Replies to post #494894 on Anavex Life Sciences Corp (AVXL)

[Investor2014]

From the EMA opinion on pridopidine - the closest match in category and MoA at present to A2-73.:

How does Nurzigma work?
The active substance in Nurzigma, pridopidine, activates a protein called sigma-1 receptor (S1R). S1R
is found inside the cells and is involved in cellular processes that contribute to the health and survival
of nerve cells. By activating S1R, pridopidine was expected to improve cellular processes that are
involved in nerve cell damage and Huntington’s disease.

What did the company present to support its application?
The company presented results from a main study involving 499 adults aged 25 years and older with
early Huntington’s disease. Patients in the study were given either Nurzigma or placebo (a dummy
treatment). The main measure of effectiveness was the change in the total functional capacity (TFC)
score after 65 weeks of treatment. The TFC score measures how well a person with diseases that affect
the nervous system can perform daily tasks and activities. The company also presented results from
analyses in a subgroup of 208 patients from the main study, namely adults with early Huntington’s
disease who were not treated with antidopaminergic medicines. In addition, the company presented
results from 3 supportive studies in adults with Huntington’s disease.
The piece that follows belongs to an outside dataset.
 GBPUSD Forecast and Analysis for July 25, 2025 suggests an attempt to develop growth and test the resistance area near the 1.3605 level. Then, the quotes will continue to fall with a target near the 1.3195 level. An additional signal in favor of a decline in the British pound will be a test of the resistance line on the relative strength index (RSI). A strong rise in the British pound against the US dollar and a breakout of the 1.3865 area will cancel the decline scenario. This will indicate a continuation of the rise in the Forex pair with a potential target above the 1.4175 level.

What were the main reasons for refusing the marketing authorisation?
The Agency considered that the main study and the supportive studies failed to provide evidence that
Nurzigma is effective in patients with early Huntington’s disease. The Agency noted that the validity
and relevance of the results of the analyses in the subgroup of patients (adults with early Huntington’s
disease who were not treated with antidopaminergic medicines) from the main study have not been
demonstrated.

Therefore, the Agency’s opinion was that the effectiveness of Nurzigma had not been demonstrated.
Although the company applied for a conditional marketing authorisation, the medicine did not meet the
criteria for granting this type of authorisation. As a result, the Agency recommended refusing the
conditional marketing authorisation.

Once sponsor's analysis stray off the clinical trial protocol it makes approval more difficult. In this case the primary endpoint failed and the company tried to justify approval in subgroups analysis outcomes.

I will stick with my likely too generous 25% chance of approval for A2-73 based on existing trials data - until perhaps we see an EMA clock restart indicating that at least Anavex were able to provide LoQ answers complete enough to continue the review process, which includes of course a deep dive into LoQ responses.
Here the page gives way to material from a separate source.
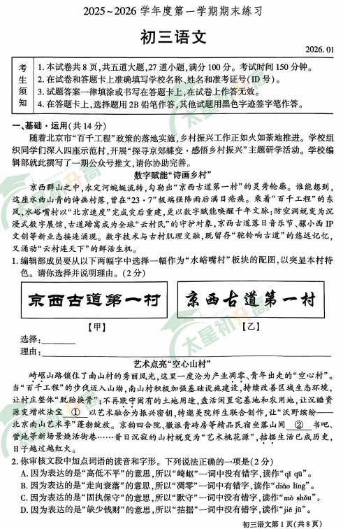 2025-2026学年(上)大兴初三期末语文试卷及答案已出炉!下载完整版试卷请点击文末pdf文件!或点击下方图片打包下载2026年北京各区初中期末试卷!

NAARDEN, Netherlands & WALTHAM, Mass. & BARCELONA, Spain--(BUSINESS WIRE)-- Prilenia Therapeutics B.V. and Ferrer today announced that the European Medicines Agency’s (EMA) Committee for Medicinal Products for Human Use (CHMP) has recommended the refusal of the marketing authorization for pridopidine’s marketing authorization application for Huntington’s disease (HD).
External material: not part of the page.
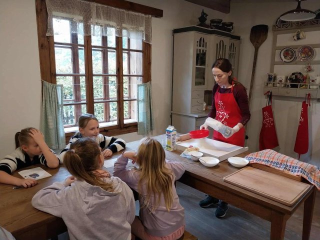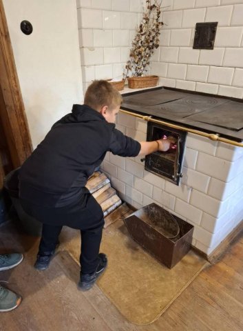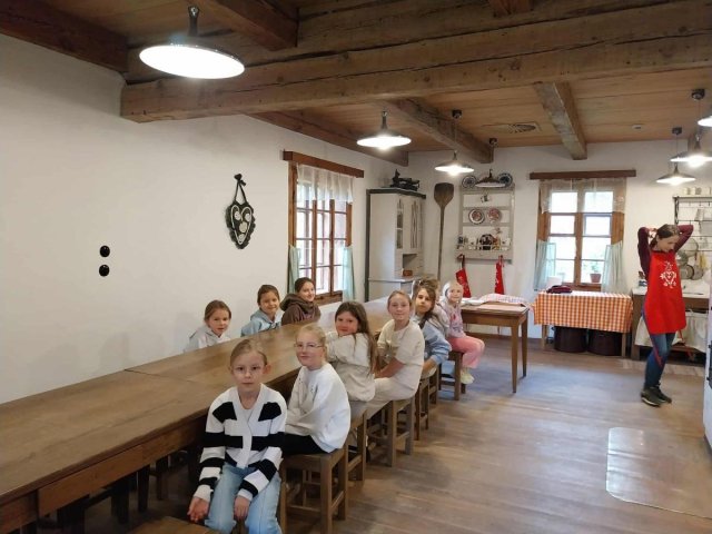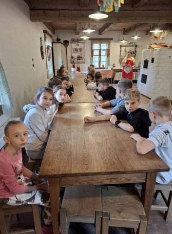Podczas wizyty w skansenie dzieci miały okazję przenieść się w czasie i zobaczyć, jak wyglądało życie na wsi ponad sto lat temu. Uczniowie zwiedzili drewniane chaty, stodoły i zabytkowy kościół, poznając dawne zwyczaje oraz codzienne zajęcia mieszkańców wsi rzeszowskiej i lasowiackiej. Pani przewodniczka w ciekawy sposób opowiadała o dawnych narzędziach, ubiorach i tradycjach.

We are disappointed, but undeterred in our commitment to bring what we believe is an effective therapy to patients and will explore all options collaboratively with regulators.

Prilenia and Ferrer are focused on bringing pridopidine to people living with HD and amyotrophic lateral sclerosis (ALS) worldwide as quickly as possible. Near-term plans are in place to initiate a potentially registrational global HD study, to provide confirmation of the previously observed pridopidine results, and a pivotal global Phase 3 ALS study, with recruitment for both expected to start as soon as possible.

Prilenia is now planning to initiate a confirmatory / registrational study in HD. The kind of study Anavex originally planned to initiate in parallel with discussing an approval path with regulators based on the P2b/3 trial results. I wish Anavex had done as they said they would instead of Missling's pennywise pound foolish approach that risks a big set back.